- [EXERCISE]: An exact copy of the data is required. No picture may appear in it.

- [DATASET SECTION]:
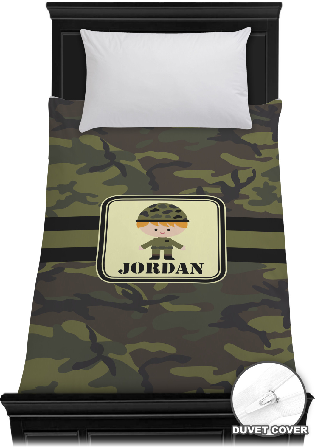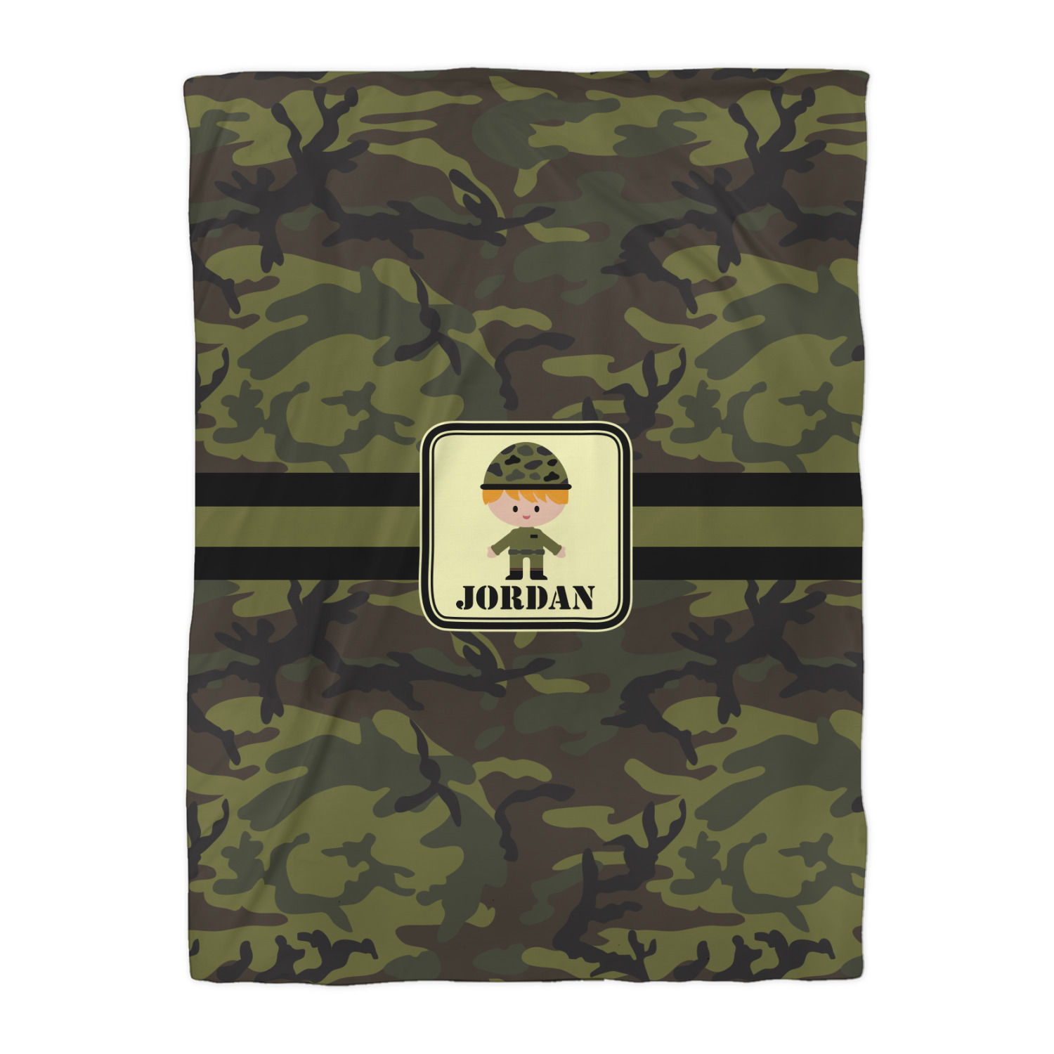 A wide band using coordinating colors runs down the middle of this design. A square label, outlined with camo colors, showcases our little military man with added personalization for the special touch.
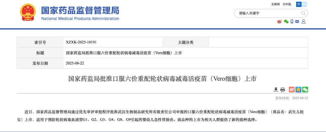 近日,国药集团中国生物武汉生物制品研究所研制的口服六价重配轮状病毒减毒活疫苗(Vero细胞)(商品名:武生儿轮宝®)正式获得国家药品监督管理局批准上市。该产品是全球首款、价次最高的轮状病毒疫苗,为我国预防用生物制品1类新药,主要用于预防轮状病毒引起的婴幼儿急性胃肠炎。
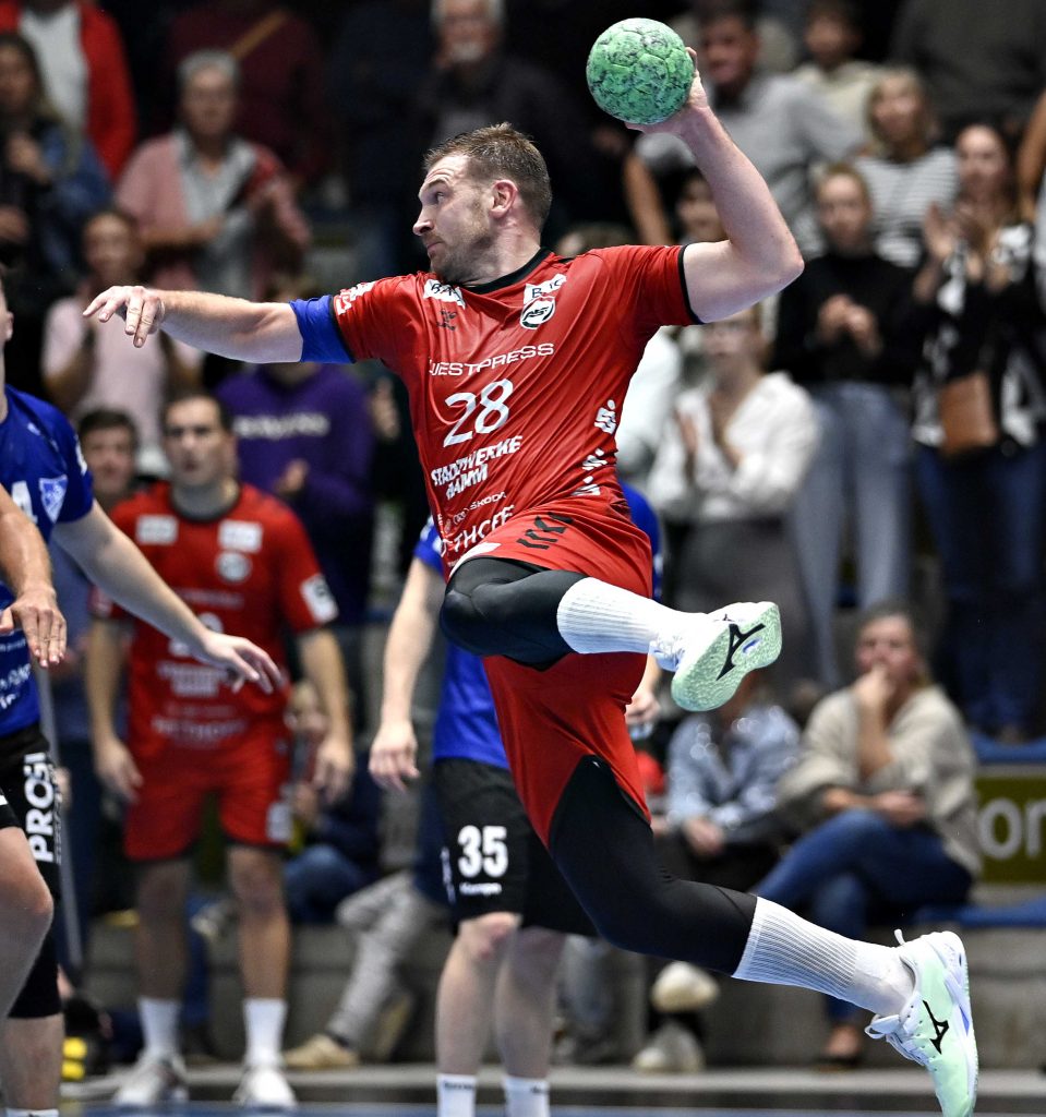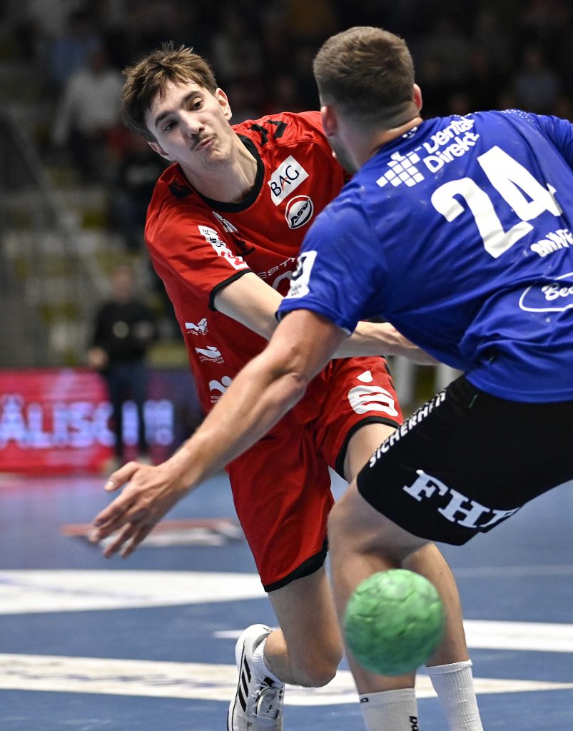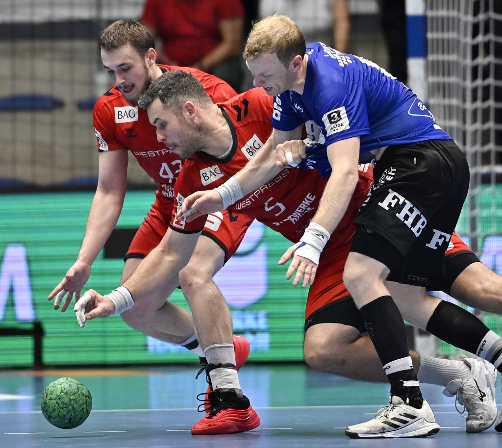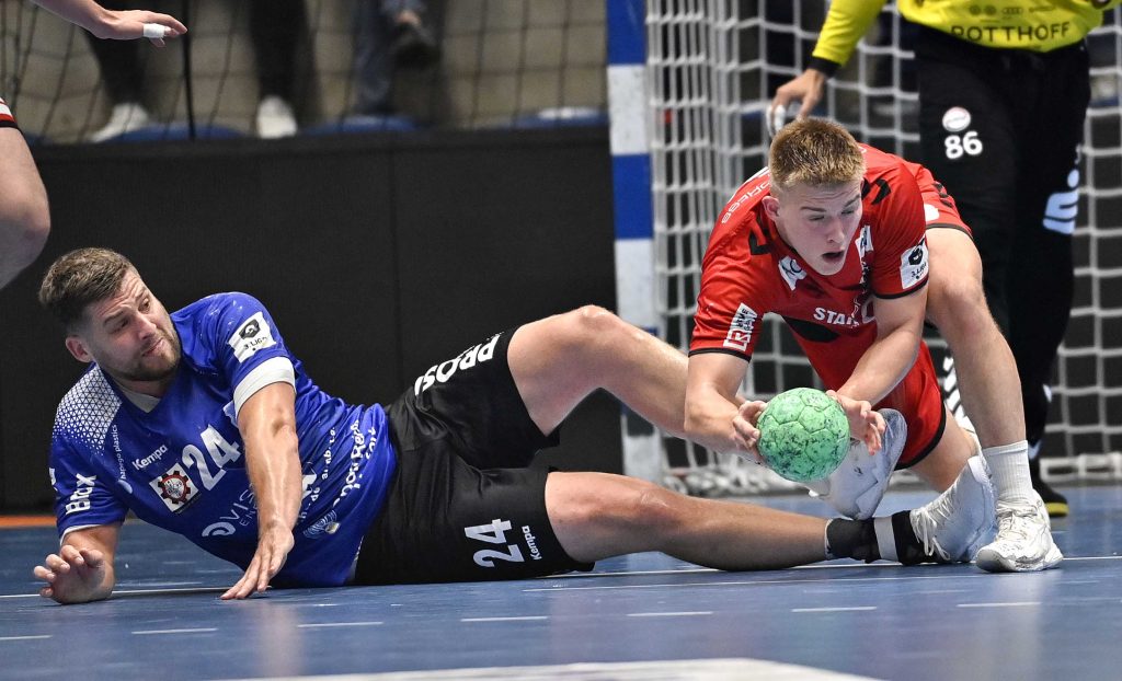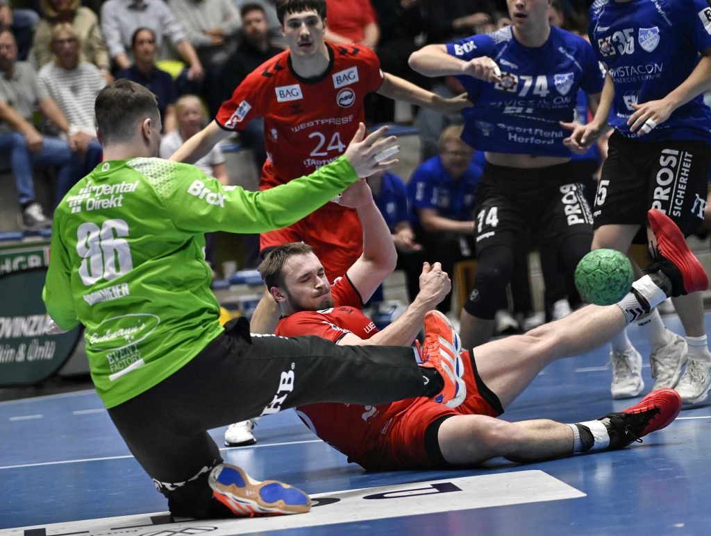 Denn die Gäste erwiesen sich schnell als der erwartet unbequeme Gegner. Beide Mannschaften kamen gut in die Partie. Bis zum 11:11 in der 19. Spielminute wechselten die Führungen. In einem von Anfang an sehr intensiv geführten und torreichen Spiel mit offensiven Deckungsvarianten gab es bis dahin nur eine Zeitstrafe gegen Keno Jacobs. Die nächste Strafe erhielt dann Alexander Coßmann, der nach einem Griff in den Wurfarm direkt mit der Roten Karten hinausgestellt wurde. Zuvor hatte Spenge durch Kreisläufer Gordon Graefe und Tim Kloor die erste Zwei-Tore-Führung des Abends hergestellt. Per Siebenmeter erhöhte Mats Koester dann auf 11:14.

- [SOLUTION TO THE EXERCISE]:
 A wide band using coordinating colors runs down the middle of this design. A square label, outlined with camo colors, showcases our little military man with added personalization for the special touch.
 近日,国药集团中国生物武汉生物制品研究所研制的口服六价重配轮状病毒减毒活疫苗(Vero细胞)(商品名:武生儿轮宝®)正式获得国家药品监督管理局批准上市。该产品是全球首款、价次最高的轮状病毒疫苗,为我国预防用生物制品1类新药,主要用于预防轮状病毒引起的婴幼儿急性胃肠炎。
 Denn die Gäste erwiesen sich schnell als der erwartet unbequeme Gegner. Beide Mannschaften kamen gut in die Partie. Bis zum 11:11 in der 19. Spielminute wechselten die Führungen. In einem von Anfang an sehr intensiv geführten und torreichen Spiel mit offensiven Deckungsvarianten gab es bis dahin nur eine Zeitstrafe gegen Keno Jacobs. Die nächste Strafe erhielt dann Alexander Coßmann, der nach einem Griff in den Wurfarm direkt mit der Roten Karten hinausgestellt wurde. Zuvor hatte Spenge durch Kreisläufer Gordon Graefe und Tim Kloor die erste Zwei-Tore-Führung des Abends hergestellt. Per Siebenmeter erhöhte Mats Koester dann auf 11:14.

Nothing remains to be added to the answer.